Growth and development — Active smoking by pregnant women, resulting in secondhand smoke exposure for the developing fetus, increases risk for a variety of adverse health effects in children; these effects are hypothesized to result primarily from transplacental exposure of the fetus to tobacco smoke components. Maternal smoking during pregnancy reduces birth weight [5,14,22,23]. SHS exposure of nonsmoking mothers is associated with reduced birth weight as well, although the extent of the reduction is far less than for active maternal smoking during pregnancy. Summary estimates of the reduction of birth weight associated with paternal smoking range from 24 to 31 grams [24,25]. Adverse effects of in utero or postnatal exposure to SHS on neuropsychological development and physical growth have also been postulated. A number of components of SHS may produce these effects, including nicotine and carbon monoxide.

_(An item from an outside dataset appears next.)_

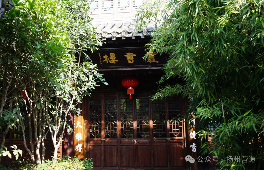 通過(guò)曲廊,走近叢書(shū)樓,樓前集句楹聯(lián)“學(xué)業(yè)醇儒富,文章大雅存”分列兩旁。樓宇高暢,上下兩層,朝南七間,硬山頂,雕花槅扇門窗,古色古香。清代學(xué)者袁枚說(shuō):“山館玲瓏水石清,邗江此處最知名。攢陳圖史常千架,供養(yǎng)文人過(guò)一生?!?/span>
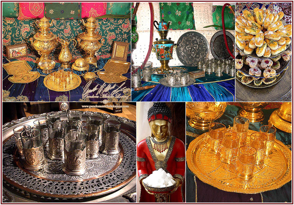 Samowar (siehe Bild) frisch zubereitet und z. B. auf orientalische

Other nonfatal perinatal health effects possibly associated with SHS exposure are growth retardation [26-28] and congenital malformations. The few studies conducted to assess the association between paternal smoking and congenital malformations have demonstrated risks ranging from 1.2 to 2.6 for exposed compared with nonexposed children [29-31].
Sudden infant death syndrome — Sudden infant death syndrome (SIDS) refers to the unexpected death of a seemingly healthy infant while asleep. Although maternal smoking during pregnancy has been causally associated with SIDS, these studies measured maternal smoking after pregnancy, along with paternal smoking and household smoking generally. (See "Sudden infant death syndrome", section on Maternal risk factors).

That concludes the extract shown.